The vessel was discovered by a team from US research company Schmidt Ocean Institute, using a hi-tech underwater vehicle after they spotted an unusual object while testing their sonar equipment, the Daily Mail reported.
One of the scientists from the Schmidt Ocean Institute noticed an unidentified feature during sonar mapping of the sea bed.
Team members then noted that the 57 metre length of the feature matched the reported length of the Terra Nova.
Researchers then sent a remote camera to film the wreck, and ultimately found the remains of a wooden wreck lying on the seabed.
The features of the wreck closely matched historical photos of the Terra Nova, leading to the identification.
The Terra Nova was built in 1884 for the Dundee whaling and sealing fleet.
In 1910, it came under the command of Scott, who chose the ship for his quest to reach the South Pole.
In November 1911, the explorers disembarked to start the 167-mile trek that claimed the lives of Scott and his four companions.
The Terra Nova returned in 1913 and was bought by Bowring Brothers to resume work as a sealing boat in Newfoundland.

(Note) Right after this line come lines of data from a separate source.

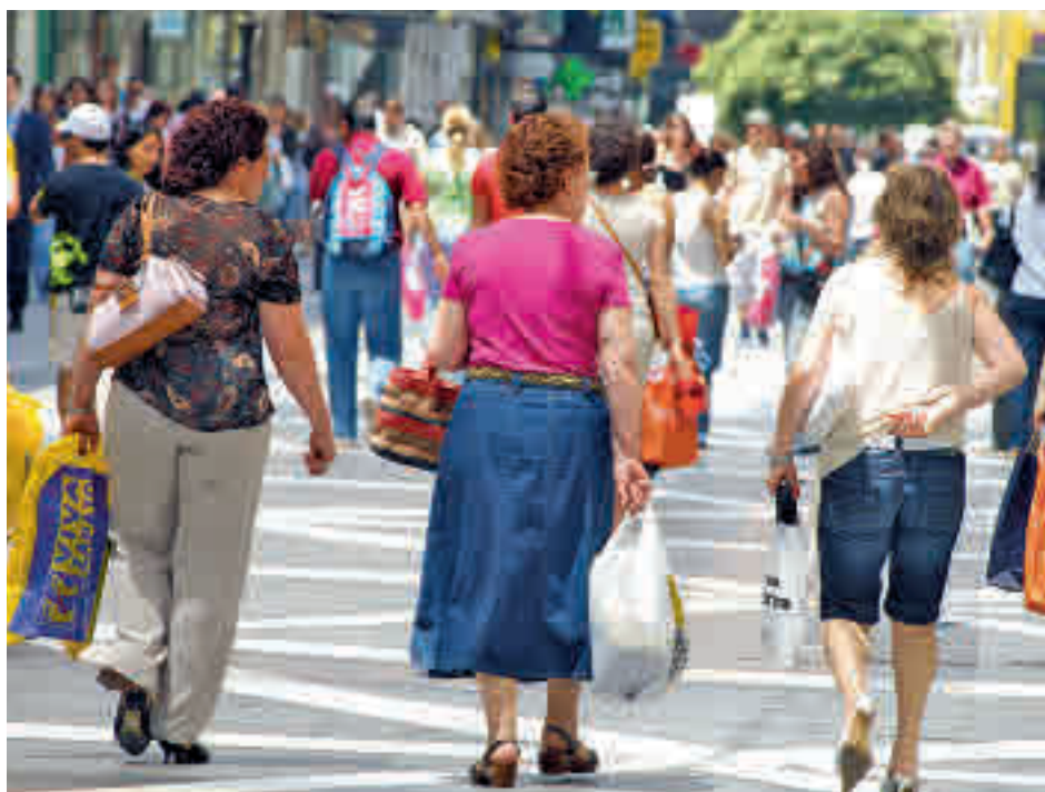
Las compras se están viendo afectadas por la inflación

Cetelem también ha hecho un estudio a nivel nacional en relación al efecto de la inflación en los gastos generales de los españoles, donde ocho de cada diez aseguran que reducirán sus inversiones por culpa de las subidas de precios. En este caso, los productos que los consumidores han descartado adquirir son los smartphones (con un 27,3%, frente al 19% de antes del verano), los viajes (también con un 27%) y los artículos relacionados con los videojue-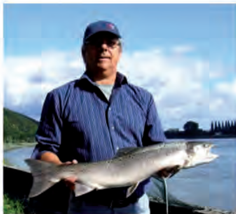
Saumon atlantique le poisson Roi pour tout pêcheur ! 81 cm et 6,7 kg pris mi octobre 2012.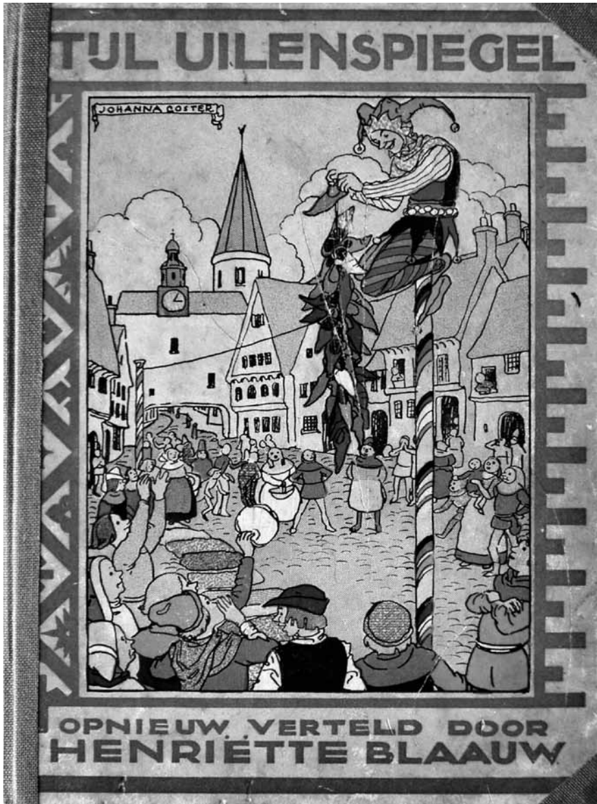
Fig. 2: Blaauw, H. (1918). Tijl Uilenspiegel . Alkmaar: Kluitman.

boom zo vol geladen mist men een, twee pruimpjes niet.’ De nadruk wordt gelegd op de leesbevorderende functie van de hertaling. In een aanbeveling van de nieuwe Havelaar noemt een lerares Nederlands het bovendien ‘een eigentijdse, grappige, spannende en lekker leesbare roman ook voor scholieren’ (Geciteerd naar Luijters, 2010).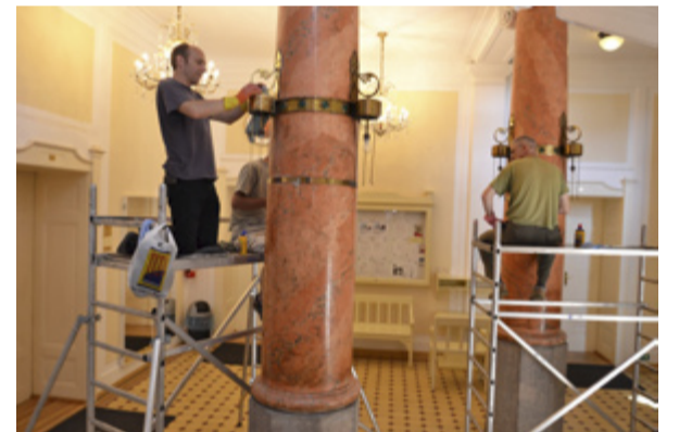
RESTAURÁTORSKÉ PRÁCE. Obnova interiérů slezskoostravské radnice.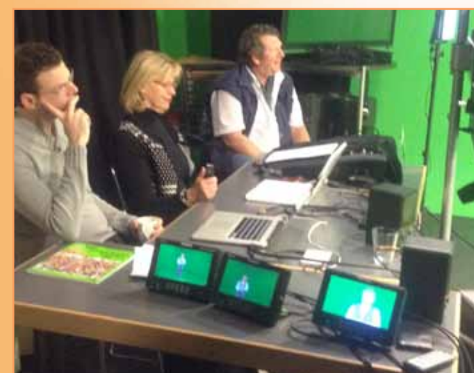
Alles wordt nauwlettend in de gaten gehouden

In 1942, the ship was chartered to carry supplies during World War II.
But in September 1943, it was damaged by an iceberg and sank off the coast of Greenland where it remains.
Scott's expedition became one of the most famous in history, despite failing to become the first to reach the pole.
On arriving at the South Pole in January 1912, Scott discovered they had been beaten to it by a Norwegian team led by Roald Amundsen.
The team led by Scott died on their return journey from the pole, and their bodies were found by a search party eight months later.